Le lieu de l’action est Brentwood, New Jersey, en 1946, et Ole Anderson (Burt Lancaster) y est connu sous le nom de Pete Lund ou « Swede » (le Suédois), pompiste d’occasion au garage voisin. Nick devance les tueurs en courant par les jardins (extrait n°2) – suivi tout du long par un superbe mouvement de grue qui nous conduit des jardins à la chambre de Swede, au premier étage, passe devant un corps allongé dans l’ombre puis fixe la porte d’où l’adolescent va surgir. Swede lui explique son attitude d’une voix basse et fatiguée : «J’ai commis une faute, autrefois …» Son visage reste dans l’ombre. Suit une conclusion « à la Siodmak« . Le condamné attend la mort comme hypnotisé, immobile sur son lit, toutes lumières éteintes. Quand résonnent des pas dans l’escalier, il surveille le rai de lumière sous la porte. Silence. La porte s’ouvre brutalement, éclairant le visage angoissé de Swede, et deux silhouettes labourent le lit de leurs armes automatiques. Chaque coup de feu, tel un éclair, illumine le faciès des tueurs. Fondu au noir. L’ouverture – comme le reste du film – est marquée de cette violence froide, montrée sans détour. [Robert Siodmak « Le maître du film noir » – Hervé Dumont (1981)]

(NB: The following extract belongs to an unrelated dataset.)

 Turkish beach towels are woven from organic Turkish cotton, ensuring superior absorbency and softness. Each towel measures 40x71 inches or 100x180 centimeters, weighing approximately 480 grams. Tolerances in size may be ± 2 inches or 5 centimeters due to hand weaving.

John Huston (qui a participé à une grande partie de l’écriture du scénario, mais non crédité au générique) brode à partir de là, car il s’agit de découvrir qui était Swede et pourquoi il a été abattu. Siodmak : « Le cinéma a progressé en matière de motivation psychologique. Aujourd’hui, les gens veulent en savoir plus sur les « gentils » ou les « méchants » de l’écran. Le spectacle d’Al Capone mitraillant ses rivaux ne suffit plus. On veut savoir ce qui a motivé ces tueurs insensés. (…) C’est pourquoi j’ai toujours préféré le gangster de fiction au réel. L’approche documentaire ne retient que l’action, c’est du cinéma « B », le legs du cinéma à la télévision. On n’y présente que des types, pas des caractères. Or c’est les caractères qui m’intéressent avant tout… Dans The Killers, chaque criminel était un individu, une entité séparée du groupe ». [Robert Siodmak « Le maître du film noir » – Hervé Dumont (1981)]

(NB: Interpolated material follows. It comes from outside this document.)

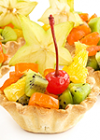 Sastāvdaļas: 1 ābols, 1 bumbieris, 1 greipfrūts, 2 banāni, 2 kivi, 50 g ķirši, 50 g vīnogas, 100 g apelsīnu sula, 2 ēdamkarotes cukura, vafeļu groziņi.

Afin de rendre son film plus « authentique », Mark Hellinger (le producteur) cherche des visages inconnus. Entre en scène l’ex-acrobate new-yorkais Burton Stephen Lancaster, un mètre quatre-vingt-cinq, une stature de blond Viking. Récemment démobilisé, Lancaster vient d’interpréter un G.I. dans une pièce peu goûtée du public « A Sound of Hunting » de Harry Brown mais remarquée par les « talent scouts » californiens. En janvier 1946, Lancaster débarque à Hollywood sur invitation de plusieurs intéressés et signe un contrat de sept ans avec Hal Wallis (Paramount) moyennant une option pour un film par an dans un autre studio. Cette option joue en sa faveur, car une fois les bouts d’essais passés, la Paramount le prie de patienter jusqu’en août, date de son premier film Desert Fury (La Furie du désert, 1947). Lancaster ronge son frein. Entretemps, Hellinger cherche fiévreusement un interprète pour le rôle central de Swede, un boxeur un peu stupide qui devient la victime de l’histoire. Il demande à la Warner de lui prêter Wayne Morris (sa vedette de Kid Galahad en 1937 mais les 75.000$ exigés en échange dépassent son budget ; il envisage Sonny Tufts) quand Lancaster s’arrange pour lui soumettre secrètement son bout d’essai. Hellinger le trouve si maladroit, si lourdaud qu’il l’engage sur le champ. Ce n’est qu’en le voyant sourire de toutes ses dents, une fois le contrat signé, que le producteur remarque qu’il a été mené par le bout du nez : son athlète a plus de cervelle qu’il n’en paraît ! [Robert Siodmak « Le maître du film noir » – Hervé Dumont (1981)]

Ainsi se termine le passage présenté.